We saw French masterpieces like de La Tour’s “The Cheat with the Ace of Diamonds” and Delacroix’s “Lady Liberty Leading the People” (my favorite)…
…And international masterpieces like “Venus of Milos” and da Vinci’s “Mona Lisa”

We spent our final day braving the lines to get to the very top of the Eiffel Tower, and on the way up I was most struck by how much steel was used to build the thing — it’s hard to appreciate until you’re inside the structure itself. The views from the top were nice, and the apartment that Eiffel had built for himself at the very top was nicely preserved. We went during the middle of the day, but didn’t find the waiting to be unbearable at any point. It’s a tourist trap, but one worth going to if you’re interested.

While walking around the city (approximately 10 miles each day) I enjoyed hunting for/analyzing places that sold crepes, from the ridiculously expensive cafes surrounding the Eiffel Tower (€7–8 per crepe) to the street stands selling them for a much more reasonable (and sustainable) €3 a piece.
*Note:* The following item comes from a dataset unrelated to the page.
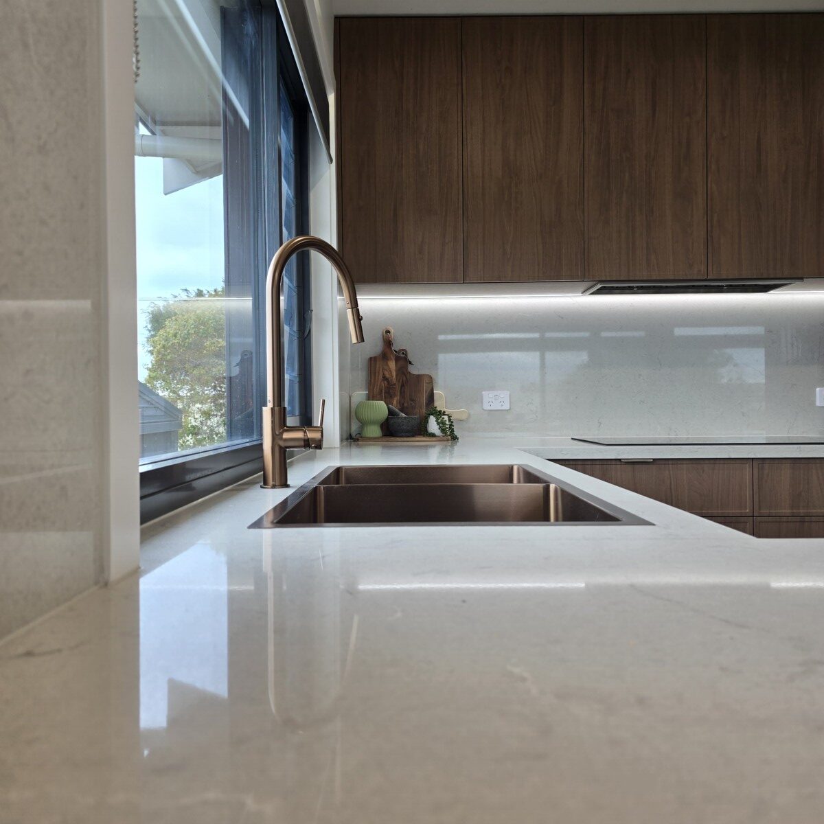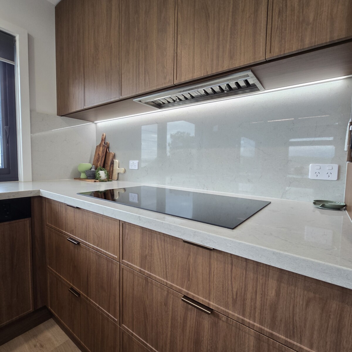 Cabinetry: Polytec, Thermolaminated 'Florentine Walnut' Sussex Profile, Woodmatt Finish
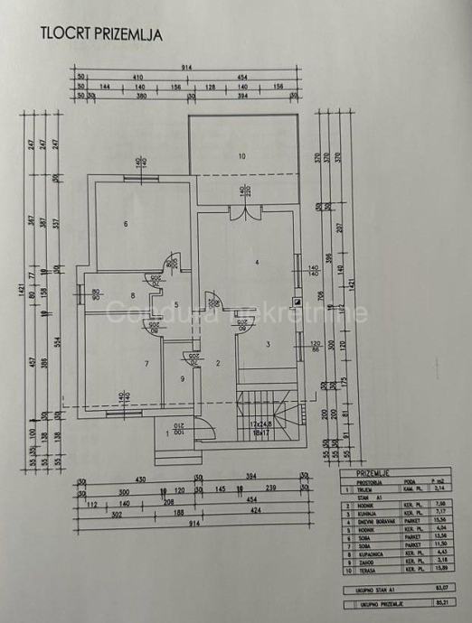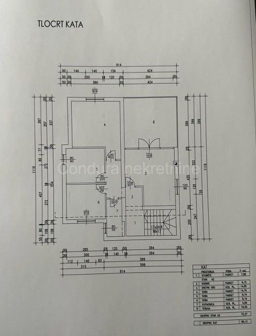 Ukupne površine 219 m², kuća se nalazi na zemljištu veličine 656 m² i prostire se na tri etaže – podrum, prizemlje i kat.

Over the three days we were there I tried the Nutella, strawberry, and lemon with sugar varieties, and while I enjoyed them all (no such thing as a bad crepe in my experience) the Nutella crepe my favorite (rich, warm, gooey Nutella in a thin folded pancake shell — drool). At one point we purchased crepes from a street stand on one side of the Seine, ate them as we crossed the river, and then promptly got in line at the crepe stand on the other side (this was after the 10,000 step-mark that day, don’t judge!). So good.

Next on the docket is Austria (Salzburg then Vienna), followed by Budapest and Prague. Hard to believe that we’ve been traveling for two months already, and it’s been great so far. I hope you are all well, and thanks for reading!